DNA extraction has been performed by Laura Mason, using the Zymo microprep fecal soil kit. DNA is eluted in 35 - 55 uL, quantified via qubit and quality assessed via gel, and samples are stored at -20 degC
Sequencing Libraries were prepared by Jessica Henley and Lady Grant in December 2024 - January 2025 Metagenomes were then sequenced by Jessica Henley at CSU at the Next Generation Sequencing Genomics Core (as part of a test of the new user core facility). Jessica provided the following info on methods: "DNA samples were quantified using a Qubit 4 and then processed using Illumina's DNA Prep kit, following the manufacturer's protocol. DNA inputs were all in the 25 - 50ng range, allowing for 6 cycles at the BLT PCR step (I remember Kelly asking about staying below 7 cycles). Pooled libraries were sequenced on an Illumina NextSeq 2000 using an XLEAP-SBS P4 300-cycle reagent kit with a 2% phiX control."
Raw reads were processed for bacterial/archaeal content using singleM 0.18.3 using the singlem –pipe command and default parameters per instructions from Ben Woodcroft.

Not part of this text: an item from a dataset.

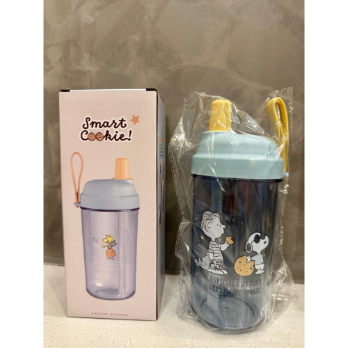 《正版》史努比 餅乾輕巧手提吸管冷飲杯 簡約透明水壺,環保飲料杯

The resulting taxonomic profiles were concatenated and exported in a text file to R where tidyverse was used to 1) convert the profiles into an abundance table (coverages as counts) and 2) transform the “counts” into relative abundances by XXX (personal conversation with Ben Woodcroft). This relative abundance table was used for all downstream processing. To assess the fungal community, raw reads were then trimmed using Sickel (version). Bbduk (version) was used to remove poly-G sequences from the reverse reads and quality was assessed again. Kraken 2(v2.9) was used to identify fungal sequences using a custom database of 1600+ fungal genomes collected from Ensemble (v 67) and FungiDB (version), per (cite that paper). Read counts output by Kraken in the “report” file were transformed in Bracken v 2.9 (add more on what Bracken does). The resulting files were individually transformed into abundance tables using kreport_to_krona.py function in Kraken tools. Abundance tables were concatenated, and exported to R for downstream processing. In R, tidyverse was used to filter all taxa that appeared less than 3 times in the dataset and to convert the counts to relative abundances. This relative abundance table was used in all further statistical tests.
Prior to conducting any statistical tests that bridged both datasets, samples in the Research dataset were randomly selected by a random number generator so that only one replicate of each treatment was used (per Dr. Eric Gilland, CSU statistics dept). This resulted in 161 samples. For both communities, alpha diversity metrics (Shannon’s diversity, evenness, and richness) were assessed in vegan, and krukal wallis tests were used to assess differences in alpha diversity metrics by regenerative management practice, dataset, cropping system, and location. Maaslin2 was used to find enriched organisms by regenerative practice after removing taxa with less than 0.05% abundance and 10% prevalence across the dataset. Location Name was used as the random term. Beta diversity of each community was calculated in the adonis2 package in vegan via PERMANOVA and visualized using NMDS. Soil health metrics were divided into low, medium, and high groups (per Wilhelm et al 2022,2023), and indispecies was also used to determine bioindicators of low, medium, high, and super high bioindicators (Wilhelm et al 2023). Partial least squares regression was used to determine if any taxa were predictive of any soil health metrics and spearman’s correlations to correlate individual taxa to the each of the shared soil health metrics.